“Why don’t we see 3D content available in everyday applications?”
That was the thought that popped in my head three years ago, when I was finishing my PhD and working as a Researcher at the Fraunhofer Institute for Computer Graphics Research. Then, I observed that, apart from video games and sporadic VR initiatives hailed as the ‘next big thing’, 3D visualisations were not common in daily online life. I concluded that the technology was not being exploited to its full potential, despite the many possibilities it offered.
There were a few different reasons which could explain why this was pre-2017. Firstly, hardware and software capabilities did not allow for real-time renderings that provide a high degree of realism. Secondly, powerful 3D graphics processors were only available as dedicated hardware for gaming PCs or consoles, and VR hardware was simply not affordable for non-professionals.
Interactive 3D visualisations also required dedicated, system-dependent software which is usually not pre-installed in common machines.

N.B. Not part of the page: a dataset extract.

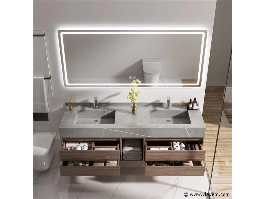 Aantal: 1 Merk: Vonato Productnaam: Badkamermeubel Type: MBY-415 Model: 2-persoons badkamermeubel 150 cm donker hout decor met marmeren wasbak Kranen: Inclusief 2 opzetkranen Materiaal: Meubel: Multiplex met melamine, Wasbak: Marmer Afmeting: 2-persoons set: 1 * Wastafelmeubel - 1500x550x550mm 1 * Spiegel - ca. 1500x700mm Kleur: Donker hout decor, grijze wasbak Voorzien van: Softclose lade systeem: 4 lades - Kranen inclusief pop-up afvoer - Spiegel met touchscreen LED-verlichting en anti-fog technologie - Voorgemonteerd wastafelmeubel. Conditie: Nieuw Ter waarde van: € 2.395,00

Last but not least, since the technology was rather unusual in everyday life, most users found 3D assets difficult to manipulate.
Fast-forward to 2017 and we have all those limitations overcome, with the technical requirements for photorealistic 3D content fulfilled. We just had to wait and see which was going to be the first every-day life “killer app” to come.

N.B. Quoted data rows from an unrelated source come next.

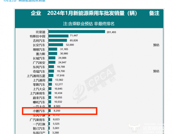乘联会披露,2024年1月,小鹏汽车新能源乘用车批发销量为8250辆,相比于2023年12月的20115辆,下降了11865辆。小鹏汽车官方公布的1月销量数据与乘联会公布的1月新能源乘用车批发销量一致。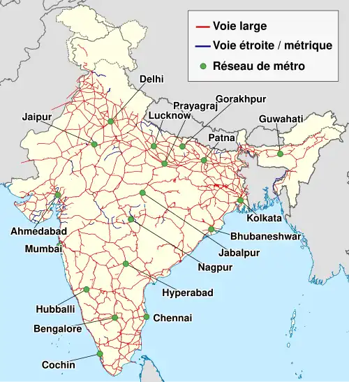 En plus du réseau ferroviaire national, il existe plusieurs réseaux de métro dans les plus grandes villes du pays. Le métro est ainsi présent à Chennai (Madras), Delhi, Kolkata (Calcutta) et Mumbai (Bombay).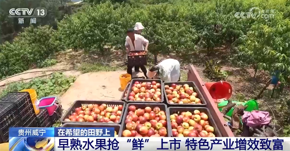 央視網(wǎng)消息:在貴州省畢節(jié)市威寧縣,多地種植的車厘子和油桃迎來豐收季。當?shù)爻浞掷脧姽庹铡円箿夭畲蟮臍夂騼?yōu)勢,大力發(fā)展早熟特色水果產(chǎn)業(yè),錯峰上市銷售,促進農(nóng)戶增收。

Today, I see 3D technology spanning a number of different and, allow me to say, great use cases.
Just take a look at IKEA’s “Place” app. It uses Augmented Reality enabled by 3D technology to allow customers to virtually place true-to-scale models in their very own houses. Users can furnish a whole room in just one tap, and check out with another.
More recently, Kanye West announced a new website for his fashion label, Yeezy, which is heavily dependent on 3D technology. The groundbreaking platform features a 3D model who walks and talks across the screen in the outfit chosen by the user, blurring the lines between e-commerce and video games.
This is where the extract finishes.